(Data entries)
[Start of Attachment]

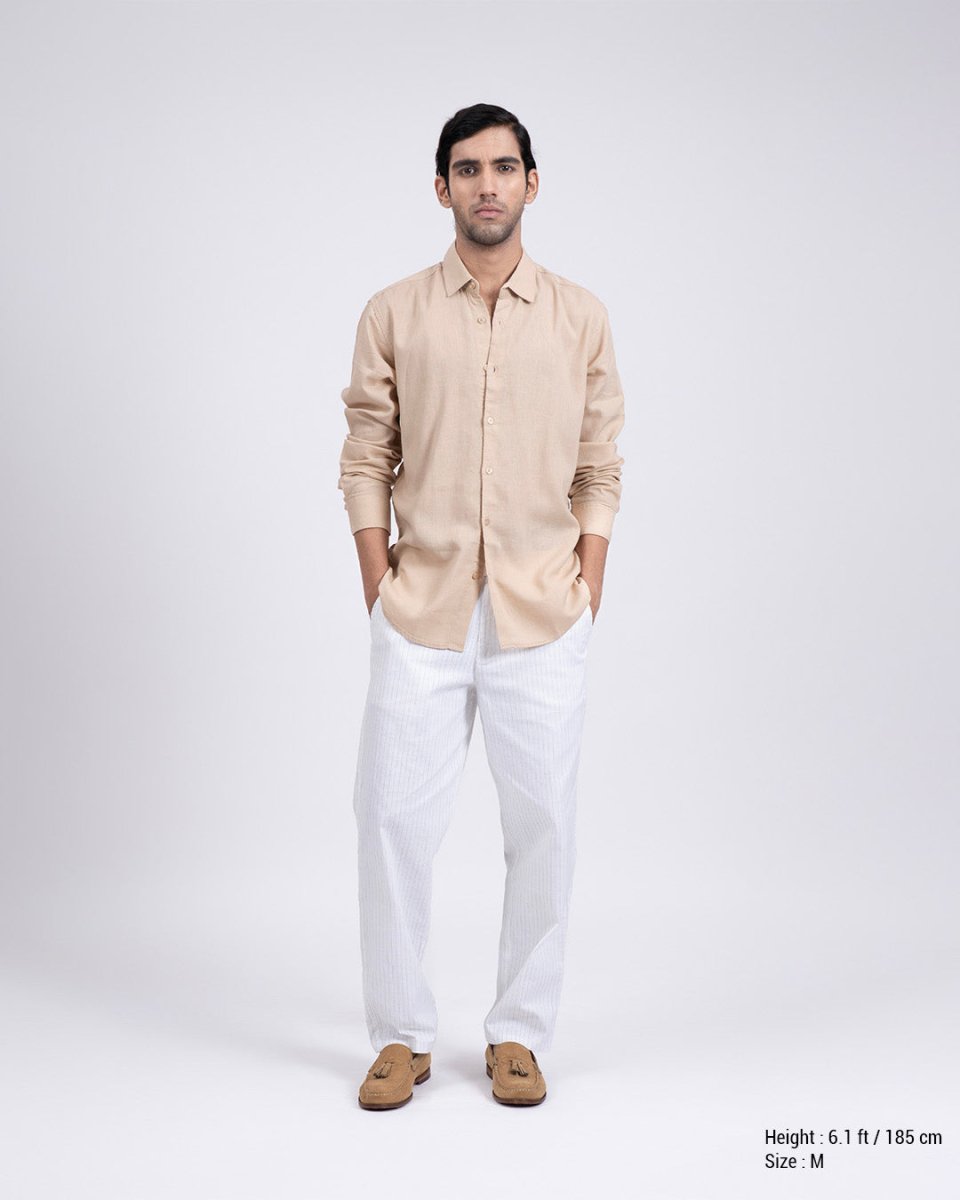 Tailored fit shirt in a comfortable lyocell linen blend fabric featuring long sleeves, buttoned cuffs and spread collar.
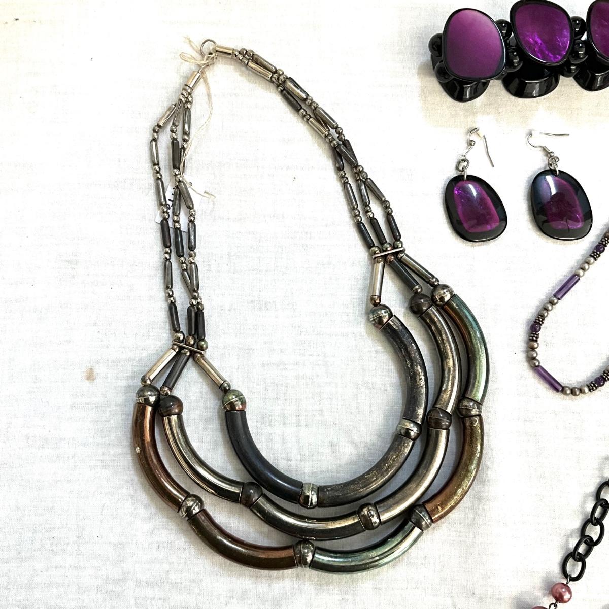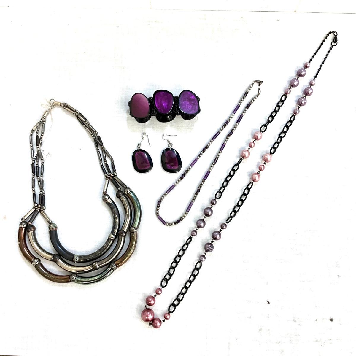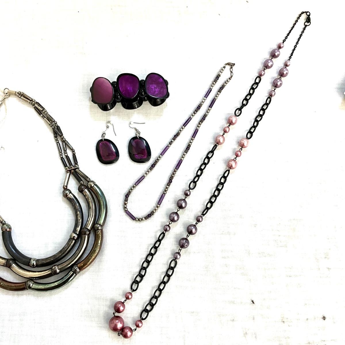 Measuring 20", 18" and 36" in length, purple bracelet is stretch and earrings are pierced
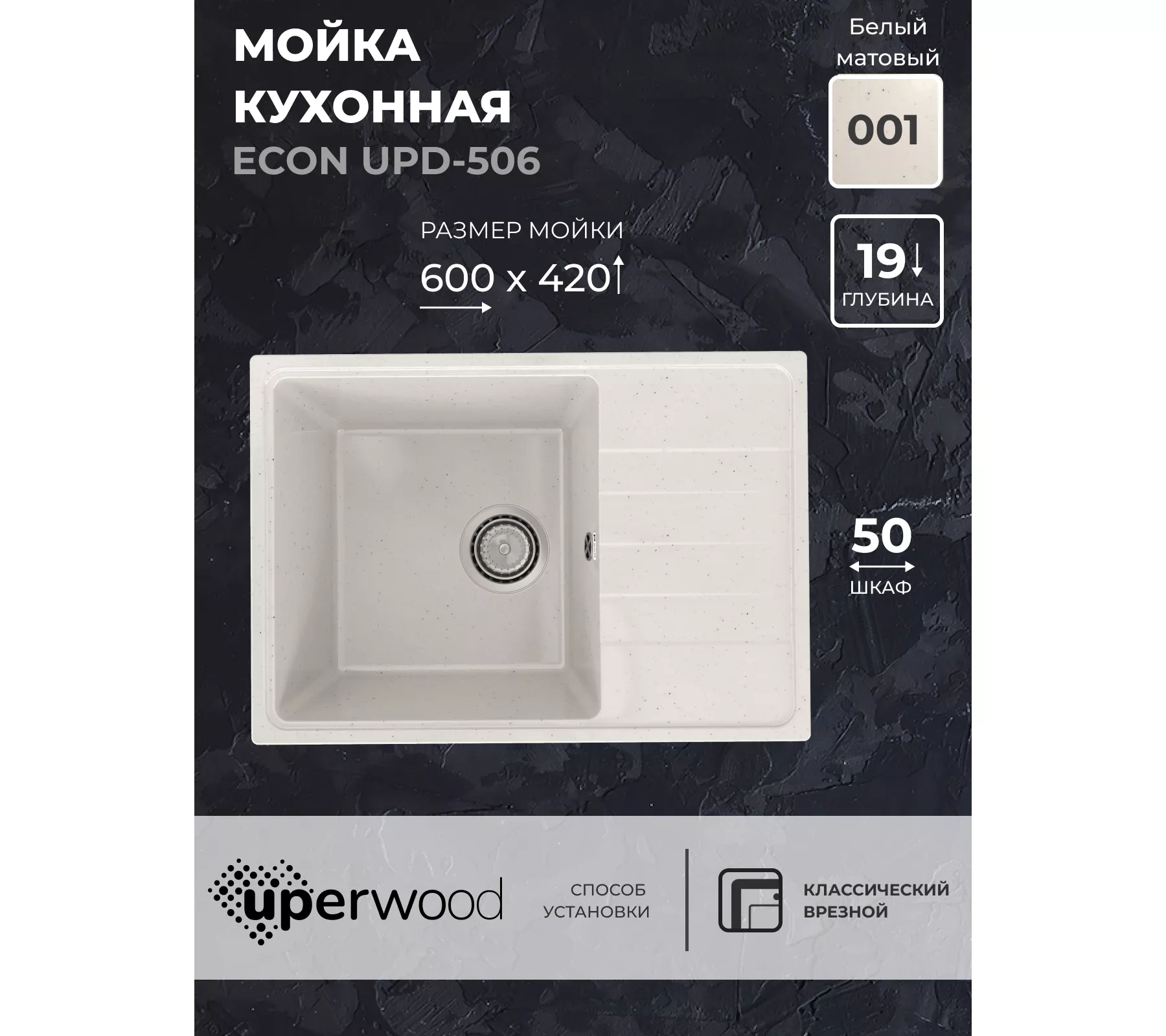Кухонная мойка из искусственного камня Uperwood ECON UPD-506-001, прямоугольная, белая матовая
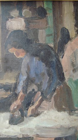 Olie på lærred påsat plade.
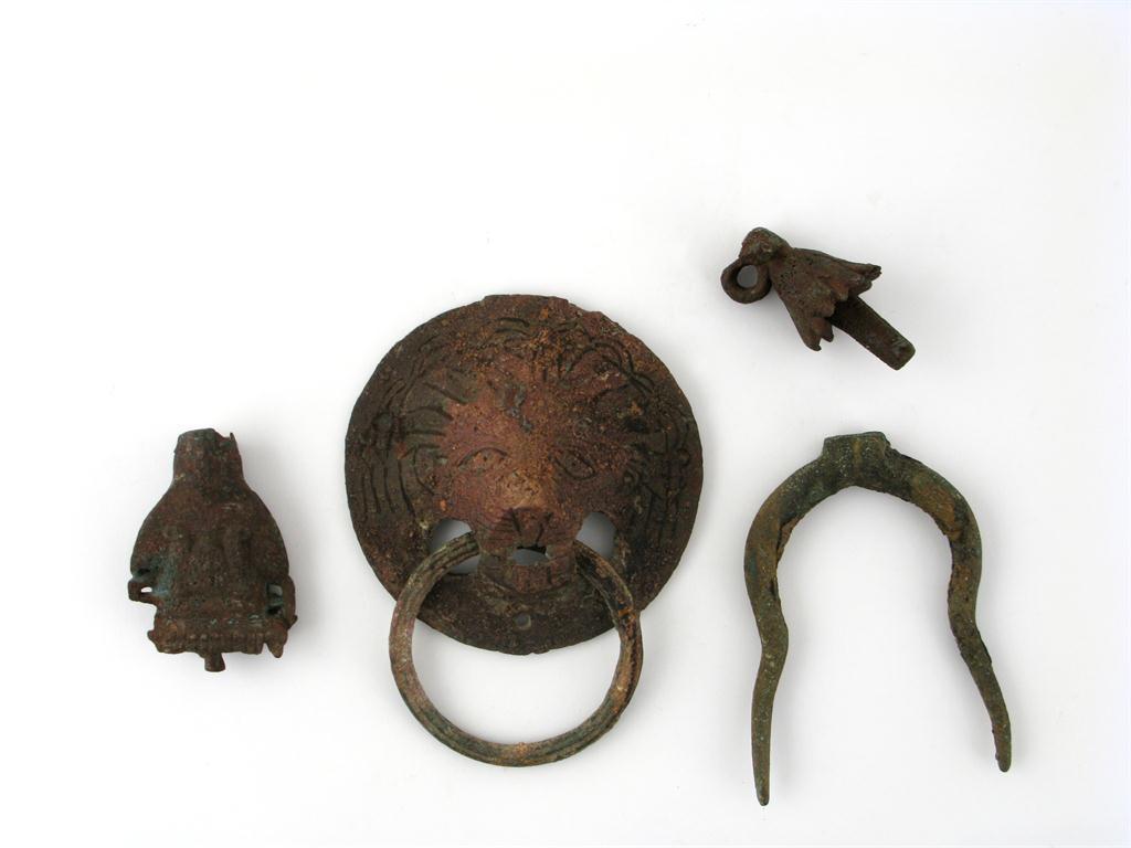 A Roman bronze lion mask handle 2nd century AD, and three miscellaneous bronzes, c.600 BC, comprising a pair of horns, a lotus flower amulet and a sistrum fragment cast with two heads of Hathor, 16cm. (4)
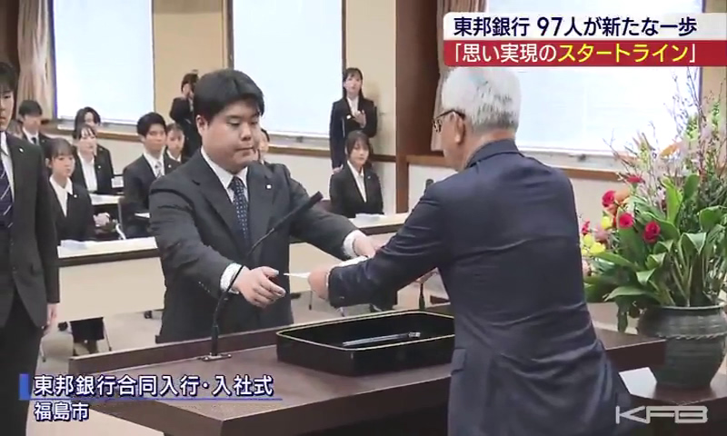 福島県福島市に本社を置く東邦銀行では、グループ会社を含めて97人が入行式に臨みました。新入行員を代表して、高澤音羽さんは「全ては地域のためにというパーパスのもと、金融サービスの枠を超え、福島のために尽力する東邦銀行に入行することは、福島への思いを実現...
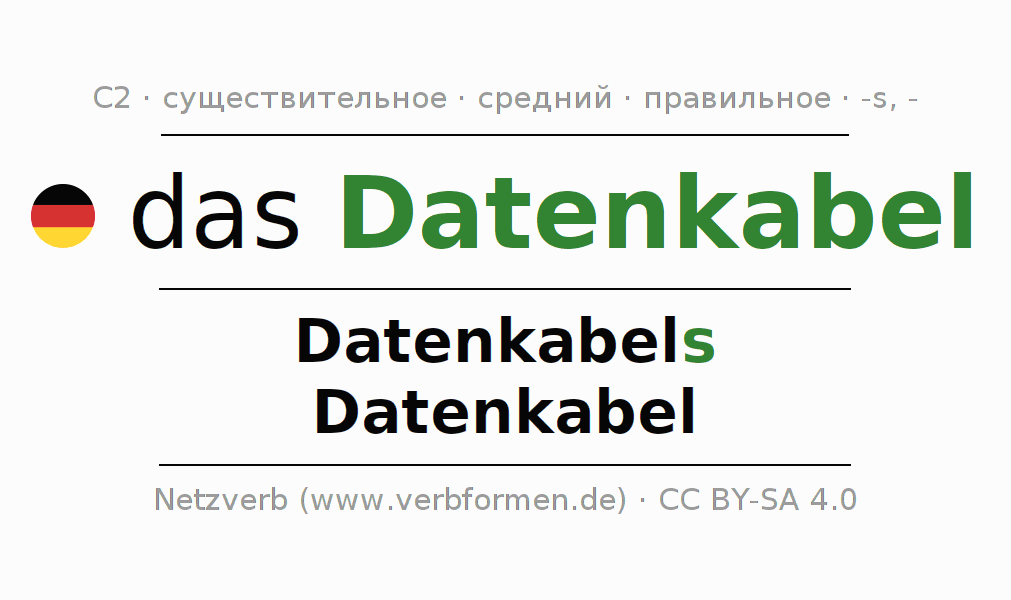 - Единственное число: das Datenkabel, des Datenkabels, dem Datenkabel, das Datenkabel

[End of Attachment]

* Work instructions: Omit the pictures. Repeat the rest of the data exactly.

* Solution:
 Tailored fit shirt in a comfortable lyocell linen blend fabric featuring long sleeves, buttoned cuffs and spread collar.
 Measuring 20", 18" and 36" in length, purple bracelet is stretch and earrings are pierced
Кухонная мойка из искусственного камня Uperwood ECON UPD-506-001, прямоугольная, белая матовая
 Olie på lærred påsat plade.
 A Roman bronze lion mask handle 2nd century AD, and three miscellaneous bronzes, c.600 BC, comprising a pair of horns, a lotus flower amulet and a sistrum fragment cast with two heads of Hathor, 16cm. (4)
 福島県福島市に本社を置く東邦銀行では、グループ会社を含めて97人が入行式に臨みました。新入行員を代表して、高澤音羽さんは「全ては地域のためにというパーパスのもと、金融サービスの枠を超え、福島のために尽力する東邦銀行に入行することは、福島への思いを実現...
 - Единственное число: das Datenkabel, des Datenkabels, dem Datenkabel, das Datenkabel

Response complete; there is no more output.